▸ LISTED ENTRIES:
=== Begin Enclosure ===

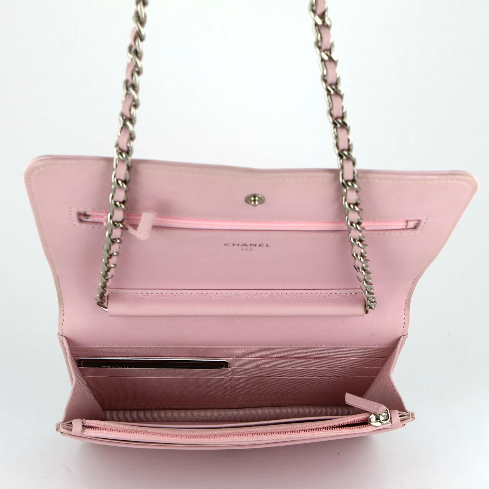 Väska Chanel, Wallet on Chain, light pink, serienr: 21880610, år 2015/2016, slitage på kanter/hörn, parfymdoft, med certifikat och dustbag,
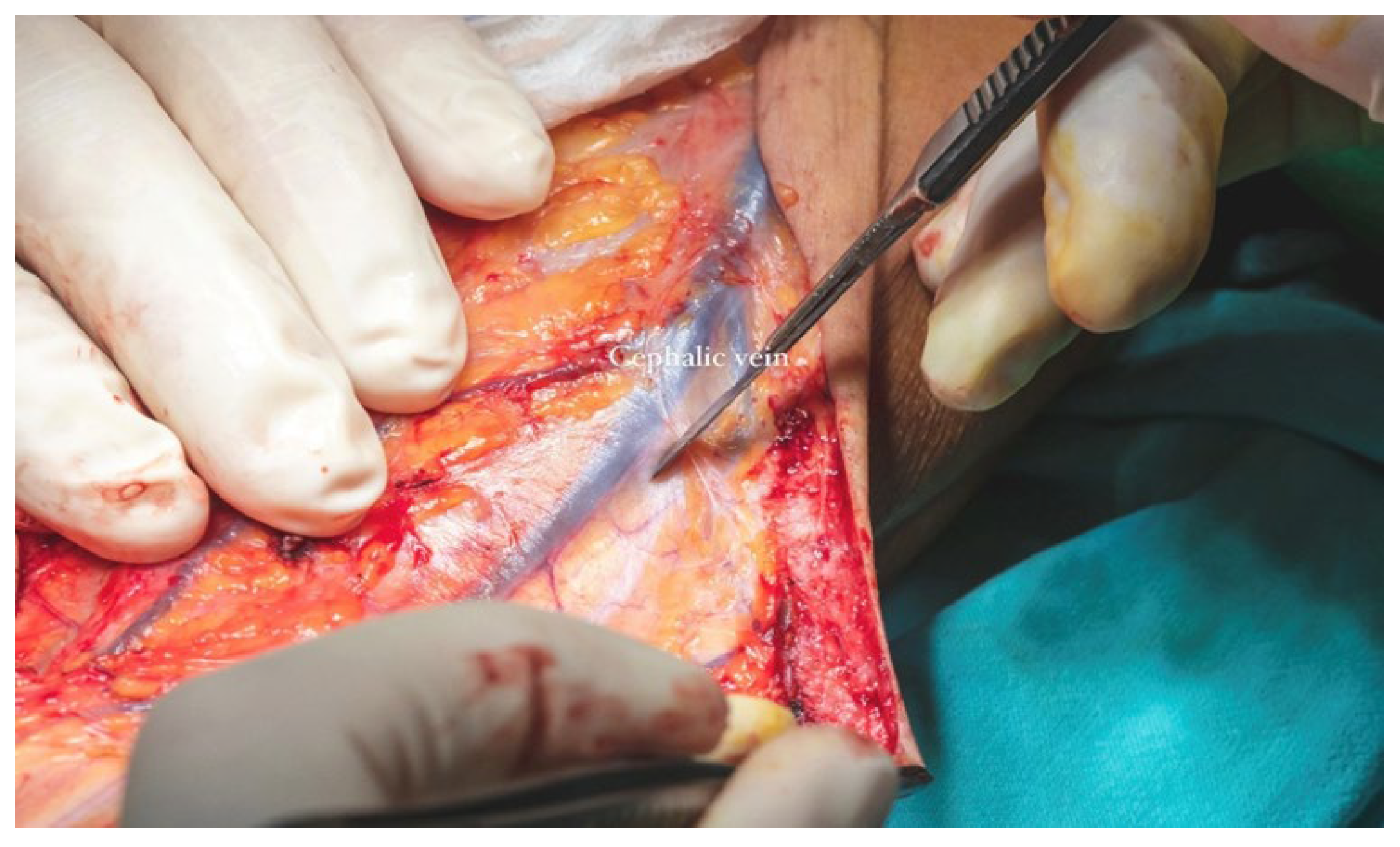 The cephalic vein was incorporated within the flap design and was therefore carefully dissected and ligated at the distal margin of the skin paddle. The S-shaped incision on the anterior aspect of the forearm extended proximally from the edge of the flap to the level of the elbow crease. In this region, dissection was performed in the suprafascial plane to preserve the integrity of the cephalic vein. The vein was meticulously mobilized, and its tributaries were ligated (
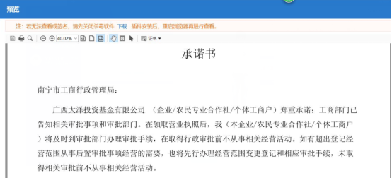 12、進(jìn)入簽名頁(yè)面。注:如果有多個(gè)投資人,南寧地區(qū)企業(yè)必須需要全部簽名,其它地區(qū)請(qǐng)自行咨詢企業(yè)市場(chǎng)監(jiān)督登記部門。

=== End Enclosure ===
=== Begin Enclosure ===

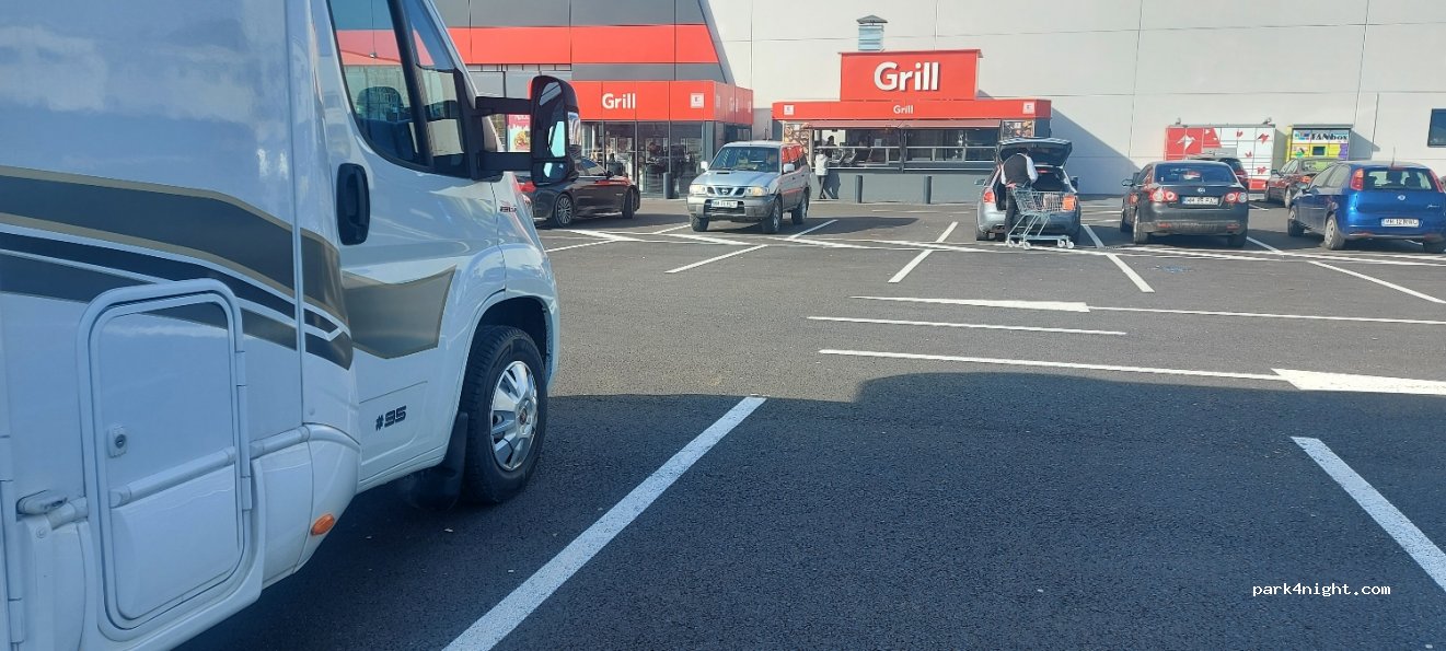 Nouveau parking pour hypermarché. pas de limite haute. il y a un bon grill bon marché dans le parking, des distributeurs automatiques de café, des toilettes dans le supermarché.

=== End Enclosure ===
=== Begin Enclosure ===

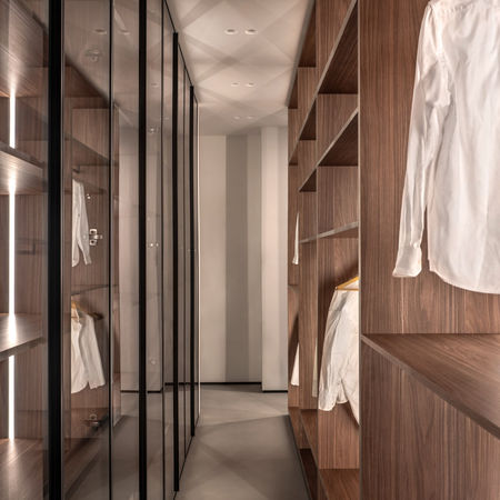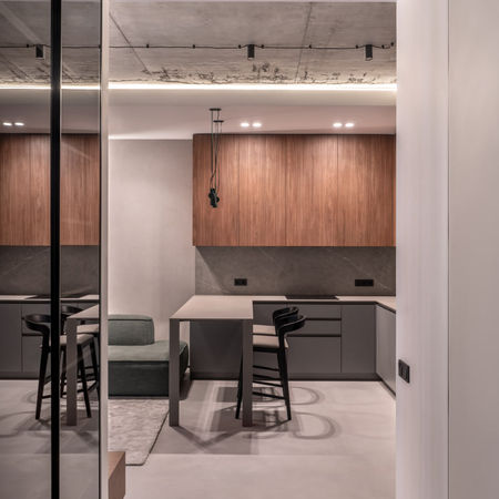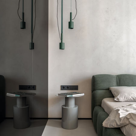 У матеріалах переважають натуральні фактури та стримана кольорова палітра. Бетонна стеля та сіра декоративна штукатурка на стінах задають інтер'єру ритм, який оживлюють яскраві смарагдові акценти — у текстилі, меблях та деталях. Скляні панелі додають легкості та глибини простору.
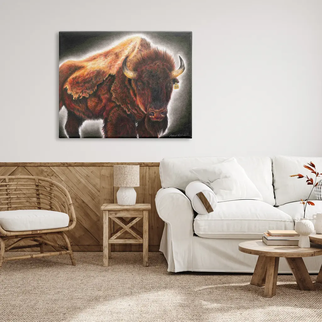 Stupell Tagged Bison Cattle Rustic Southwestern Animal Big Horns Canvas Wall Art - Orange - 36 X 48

=== End Enclosure ===

▸ DIRECTIONS: Exact copy, pictures excluded: every line above from the one containing "The cephalic vein was" to the one containing "12、進(jìn)入簽名頁(yè)面。注", inclusive, and nothing more.

▸ SOLVED EXERCISE:
 The cephalic vein was incorporated within the flap design and was therefore carefully dissected and ligated at the distal margin of the skin paddle. The S-shaped incision on the anterior aspect of the forearm extended proximally from the edge of the flap to the level of the elbow crease. In this region, dissection was performed in the suprafascial plane to preserve the integrity of the cephalic vein. The vein was meticulously mobilized, and its tributaries were ligated (
 12、進(jìn)入簽名頁(yè)面。注:如果有多個(gè)投資人,南寧地區(qū)企業(yè)必須需要全部簽名,其它地區(qū)請(qǐng)自行咨詢企業(yè)市場(chǎng)監(jiān)督登記部門。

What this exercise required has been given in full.